惠妃一呆,拿一双黯淡无光的眼睛死死盯着风璇:“你喊我什么?娘娘?”
“是啊,你是惠妃娘娘啊。”
女子听了哈哈大笑起来,笑到似乎快喘不过气来:“有生之年,竟然还能听到有人喊我娘娘!”眼神突然一变,变得凶狠霸道,“是不是许蓉派你来的?派你来这里嘲笑我、看我笑话?”

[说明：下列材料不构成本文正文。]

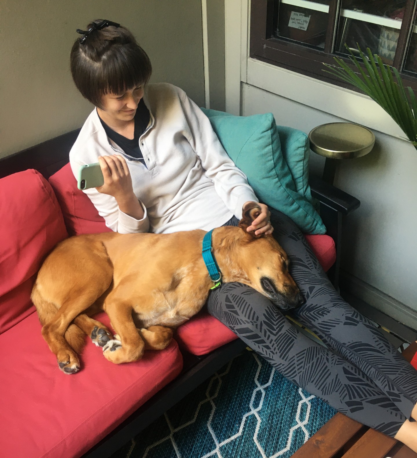 Schiff, who lives alone, describes Dante as a little shadow following her around “in the best way.” With the local improv theater where she teaches and performs temporarily closed, and many of her friends quarantined with their with partners, Schiff says Dante has been an invaluable antidote to her loneliness.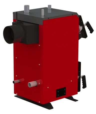 Теплообмінник та топка котла виготовлені з котлової сталі товщиною 5 мм, що гарантує тривалий термін служби до 12-15 років. Колосники виконані з товстого чавуну, що дозволяє безпечно використовувати висококалорійне вугілля. Горизонтальний димохід, виведений назад, оснащений шибером для регулювання тяги, що є важливим для правильної роботи котла.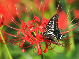 彼岸花と蝶 長い夏が過ぎやっと彼岸花が咲いていた。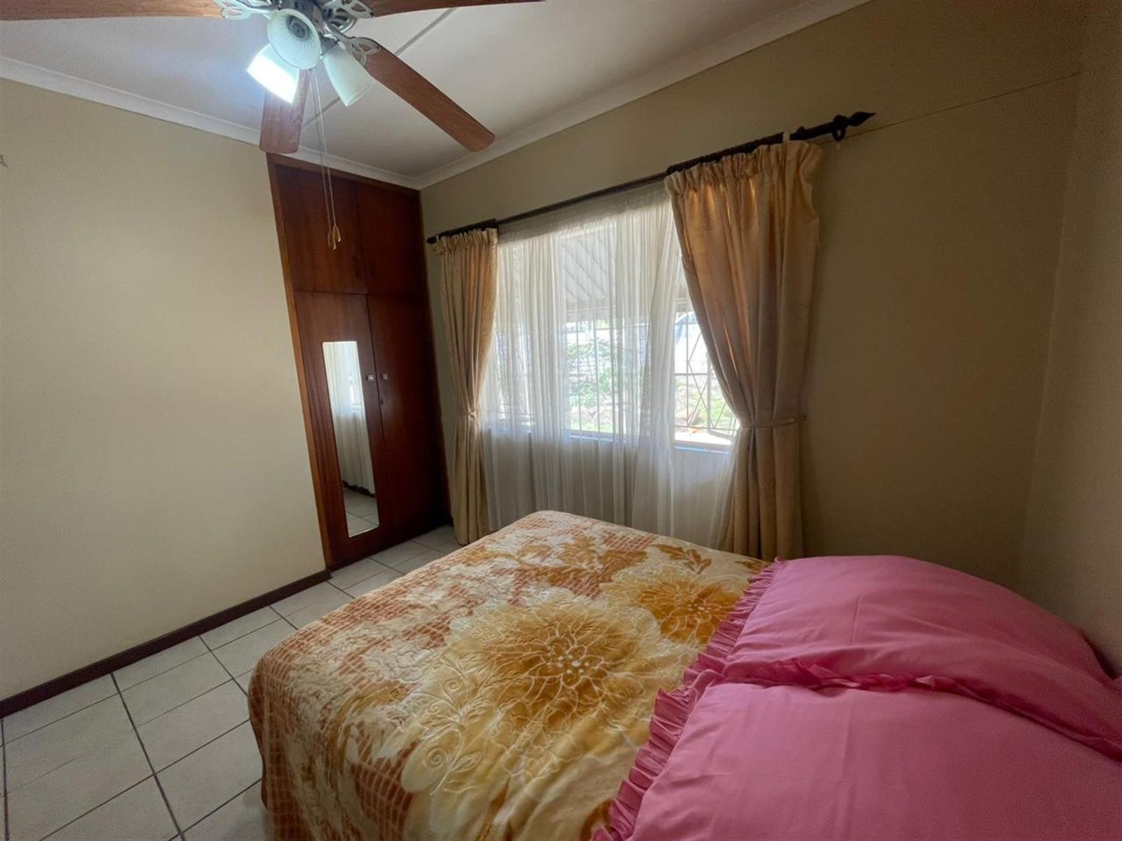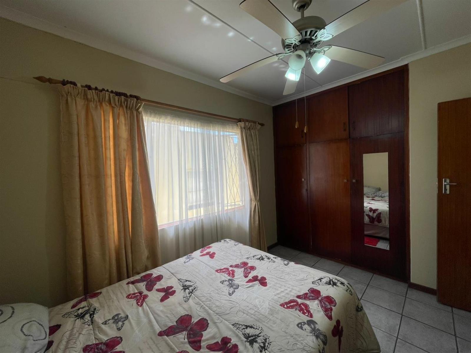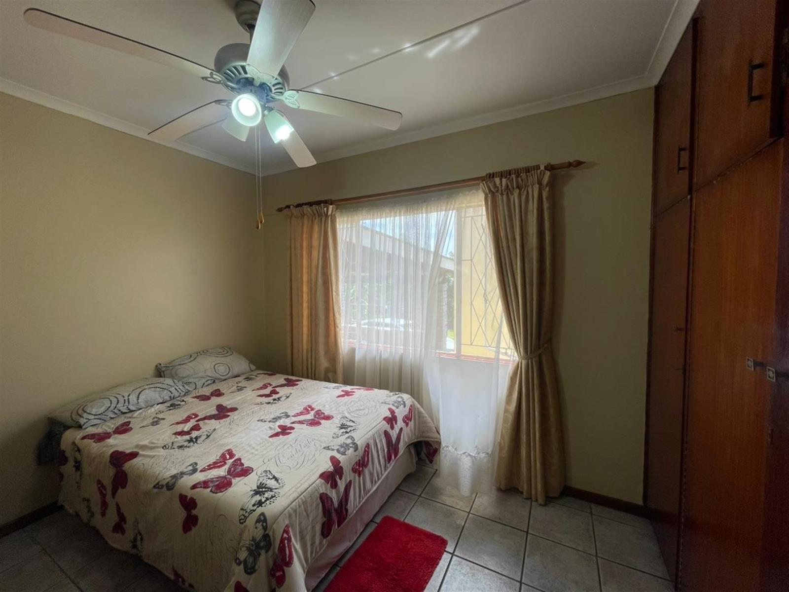 The main home features three well-sized bedrooms, all fitted with built-in cupboards and ceiling fans. The main bedroom has an en-suite bathroom with shower, toilet and basin, while a family bathroom with bath, toilet and basin services the remaining two bedrooms and guests.

风璇抬高嗓门去盖住惠妃的笑,道:“惠妃娘娘你误会了,我不是容妃娘娘派来的,我是花房的小丫环芳菲,我是来看望娘娘你的。”
“芳菲?”
“对啊,娘娘曾经救过芳菲的命,还把芳菲带到宫里来,甚至安排芳菲进了管束最宽松的花房,娘娘你还记得吗?”
穿越来皇宫之前,风璇已经把芳菲的生平背得滚瓜烂熟,其中最重要的就是这段惠妃曾救过她的往事,也正是因着这个缘由,风璇才暗自庆幸,庆幸能很容易接近惠妃。
“芳菲?”惠妃的眼神有那么一个瞬间变得清亮无比,让她即使蓬头垢面,也能让人看到她不同于常人的一分美丽,可这眼神很快就消失了,“我不认识你。”